* WHAT TO DO: An exact retyping of all lines below is the answer; pictures do not belong in it.

* MATERIAL PROVIDED:

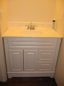 Isaac is officially a Walter now that he’s been to Lowe’s twice in one day. We originally had 3 bathroom vanity candidates. The first, and most viable, option was the vanity in the original half-bath. That one completely disintegrated when we moved it to the garage a few months ago. The other 2 were from the master bath. We needed to fill a 37″ wide space. One vanity was 32″ wide; the other was 39″. Back to Lowe’s!
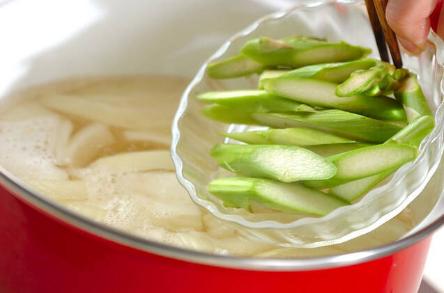 鍋にだし汁、玉ネギを入れて中火にかけ、煮立ったら油揚げ、グリーンアスパラを加えて2~3分煮る。
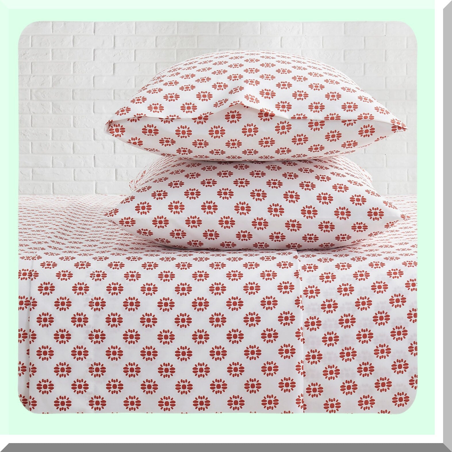 The practical benefits of this bedding set include a soft and wrinkle-resistant fabric made of 100% polyester. The set includes a flat sheet, fitted sheet, and two standard size pillowcases. The care instructions are simple, as the set is machine washable and dryer safe. Users will appreciate the low maintenance of this bedding set, as well as the comfort and durability of the polyester fabric.

* ANSWER BOX:
 Isaac is officially a Walter now that he’s been to Lowe’s twice in one day. We originally had 3 bathroom vanity candidates. The first, and most viable, option was the vanity in the original half-bath. That one completely disintegrated when we moved it to the garage a few months ago. The other 2 were from the master bath. We needed to fill a 37″ wide space. One vanity was 32″ wide; the other was 39″. Back to Lowe’s!
 鍋にだし汁、玉ネギを入れて中火にかけ、煮立ったら油揚げ、グリーンアスパラを加えて2~3分煮る。
 The practical benefits of this bedding set include a soft and wrinkle-resistant fabric made of 100% polyester. The set includes a flat sheet, fitted sheet, and two standard size pillowcases. The care instructions are simple, as the set is machine washable and dryer safe. Users will appreciate the low maintenance of this bedding set, as well as the comfort and durability of the polyester fabric.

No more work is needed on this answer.